Mike Fromowitz, a respected and beloved gentleman of advertising who contributed to a surge of Hong Kong creativity starting in the 1980s, died in Canada on June 8.
Fromowitz, along with Michael Ball and Mike Chu (both members of our Hall of Fame), formed The Ball Partnership in 1986, and as Fromowitz himself wrote for Campaign Asia-Pacific's 40-year anniversary celebration in 2013, the agency quickly achieved great things:
Two years later, the company was winning awards around the globe, adding major new business and being declared by its peers as 'one of the world’s most creative agency brands'. In 1989, the Hong Kong office was named Advertising Age’s International Agency of the Year (runner up)—a first for Asia. It brought the agency more recognition worldwide. That, along with great creative work being done in Singapore and several other regional offices under the leadership of Neil French, made The Ball Partnership one of Asia’s legendary ad agencies.

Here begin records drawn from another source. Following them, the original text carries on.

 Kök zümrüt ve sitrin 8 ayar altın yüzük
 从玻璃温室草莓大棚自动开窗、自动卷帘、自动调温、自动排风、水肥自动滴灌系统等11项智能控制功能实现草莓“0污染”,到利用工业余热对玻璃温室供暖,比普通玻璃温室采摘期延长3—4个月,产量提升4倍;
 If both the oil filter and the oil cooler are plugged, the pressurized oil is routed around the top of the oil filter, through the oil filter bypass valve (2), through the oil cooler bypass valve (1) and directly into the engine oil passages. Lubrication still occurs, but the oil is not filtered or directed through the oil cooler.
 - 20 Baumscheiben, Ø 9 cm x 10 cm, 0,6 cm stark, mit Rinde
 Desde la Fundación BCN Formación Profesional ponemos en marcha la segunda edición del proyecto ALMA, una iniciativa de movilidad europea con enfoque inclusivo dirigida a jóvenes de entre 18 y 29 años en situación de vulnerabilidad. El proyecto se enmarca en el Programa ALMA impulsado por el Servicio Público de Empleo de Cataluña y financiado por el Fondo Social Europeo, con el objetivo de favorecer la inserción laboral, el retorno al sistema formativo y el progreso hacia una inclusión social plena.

Fromowitz later led a renaissance at Bates and then moved to Batey Ads, both in Hong Kong, before taking a regional role with TBWA in Singapore. He later left the region to join BBDO in New York and then returned to his native Toronto, where he spent several years with Mantra Partners and then Enthnicity Matters before retiring.

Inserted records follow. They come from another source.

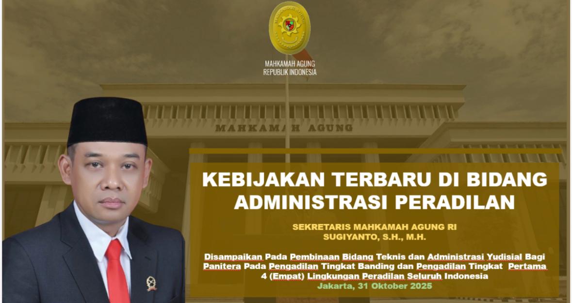 Jakarta - Sekretaris Mahkamah Agung Republik Indonesia, Sugiyanto memberikan materi sekaligus pembinaan mengenai kebijakan administrasi peradilan pada pembinaan teknis dan administrasi yudisial bagi panitera pada pengadilan tingkat banding dan tingkat pertama 4 lingkungan peradilan seluruh Indonesia pada hari Jumat (31/10/2025).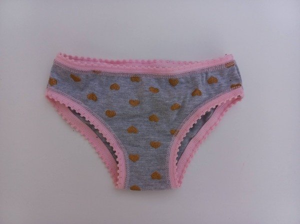 Bombacha de algodón color gris melange con corazones dorados. NUEVO SIN ETIQUETA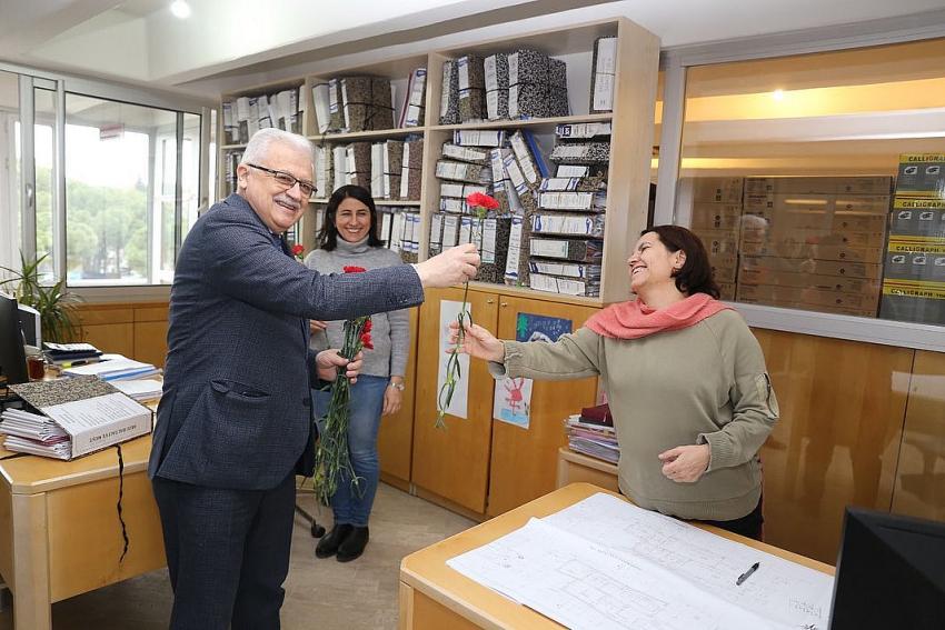 BAŞKAN DEVECİLER’DEN KADIN PERSONELE KARANFİL

Fromowitz continued to contribute to Campaign Asia-Pacific for many years after leaving Asia, penning a great many no-nonsense opinions that championed the importance of creativity—and bemoaned those who would fail to recognise and honour its power. To this day, a post he wrote in 2013 about cultural blunders persistently hovers in the upper reaches of our traffic reports.
As with all good leaders, Fromowitz's greatest legacy will be those he inspired and mentored, as well as the generations of creatives that those people will inspire and mentor in turn. One such person is Chris Kyme, a longtime Hong Kong adman himself. Kyme has written a fine and detailed tribute to Fromowitz in his regular column for Campaign Brief Asia (which is not related to Campaign Asia-Pacific). In the piece, Kyme quotes many of the other people Fromowitz touched and shows some of his work. I highly recommend reading it.

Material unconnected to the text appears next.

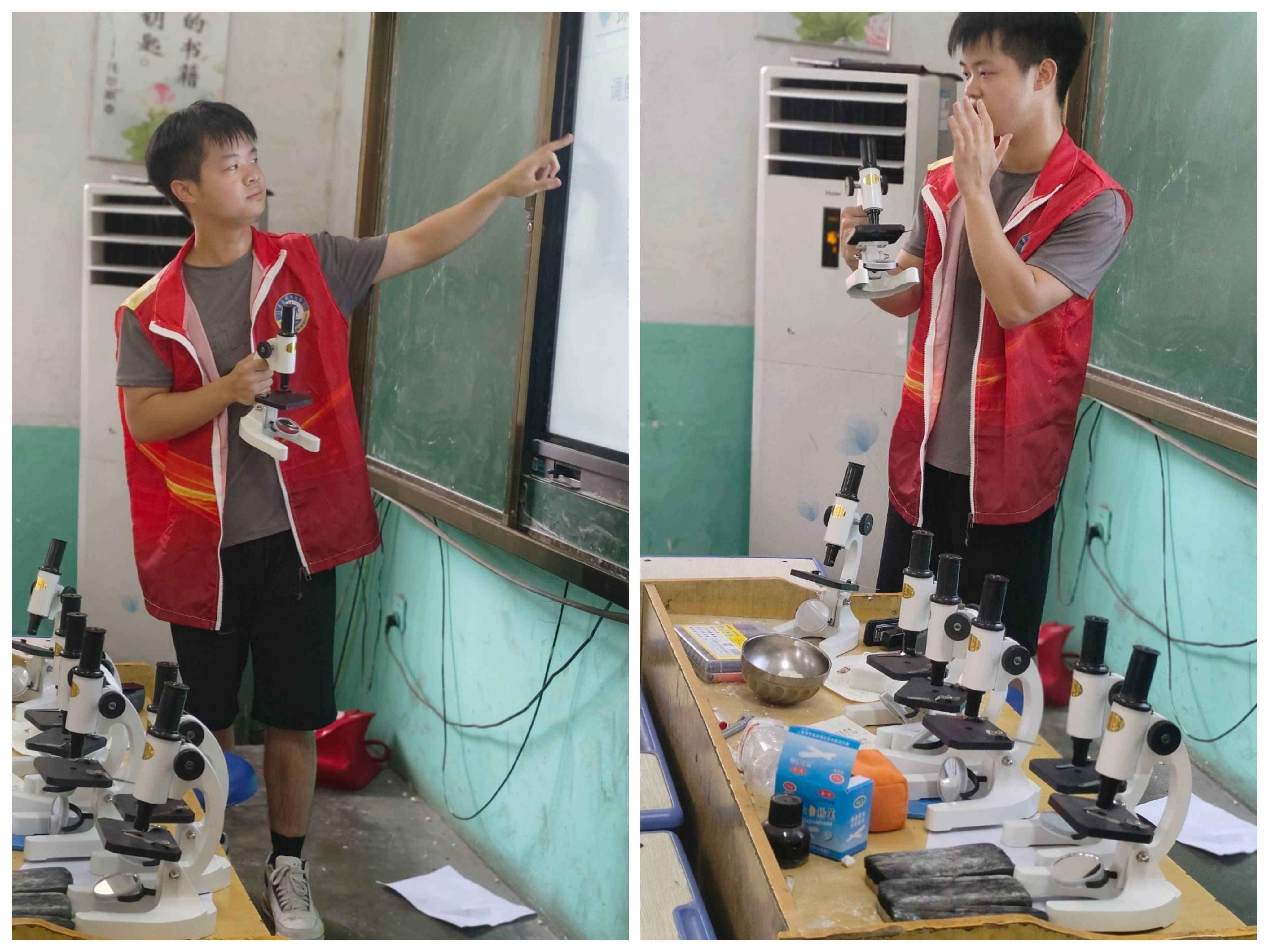 支教課堂上,團隊成員騰泰祁帶來了自己獨立制作的 PPT,從顯微鏡的操作原理、步驟到注意事項,層層遞進地講解基礎知識。他沒有照本宣科,而是舉起顯微鏡實物,邊演示邊提問:“大家猜猜這個‘小眼睛’能看到什么平時看不見的東西?” 生動的互動瞬間勾起同學們的好奇心,原本晦澀難懂的光學原理,在他的講解下變得清晰易懂。

Personal note: I only knew Mike virtually, as the editor of his missives starting when I joined Campaign Asia-Pacific in 2012. The silliness of the notion that I, as a complete newbie to the ad industry at the time, was critiquing the copy and wisdom of such a legend did not escape me. But Mike was never anything but perfectly gracious and collaborative. As Kyme's piece makes clear, that was Mike's way with everyone. I'll remember him fondly, and will only regret that I never got the chance to have a drink with him in person. RIP, Mike.
Matthew MIller is Campaign Asia-Pacific's managing editor.